The deeper shift is that we now have a technology capable of reasoning about the safety of our shared digital world at a scale no human team could match. Pointed one way, it finds the cracks in every browser you open. Pointed the other, it could harden every piece of open-source code a billion people depend on.
The question is no longer whether such a capability will exist. It exists.
The question is whether we can organize ourselves (labs, governments, researchers, open-source maintainers, ordinary companies, all of us) quickly enough to keep the defensive use ahead of the offensive one.
Anthropic's answer, for now, is a cautious yes: don't ship the model, ship the mission. Spend $100 million letting defenders catch up.
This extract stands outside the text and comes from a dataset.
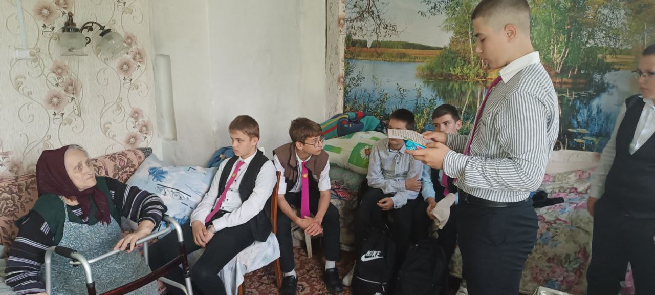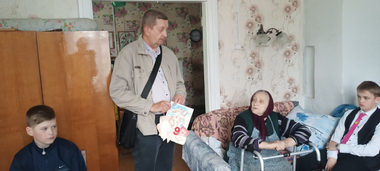 Ребята поздравили Ольгу Михайловну с Днём Победы и прочитали ей письмо, в котором всем классом благодарили ветеранов за мирное небо над головой!

Publish what you learn. Build the safeguards into the next public release, which is exactly what arrived a week later, when Claude Opus 4.7 launched with automatic safeguards designed to detect and block high-risk cybersecurity requests, framed as a step toward the eventual broader release of Mythos-class models.
That is not the end of the story. It is barely the end of the first chapter.
But there is something quietly radical in the choice itself: A company with every commercial incentive to launch looked at what it had built, and decided the more interesting act of engineering was restraint.
If that instinct spreads (to other labs, to other decisions, to the governance frameworks we are about to spend the next decade writing), Mythos may be remembered less as the model that frightened us, and more as the moment the industry started to grow up.
The model they chose not to release might turn out to be the most important one they ever shipped.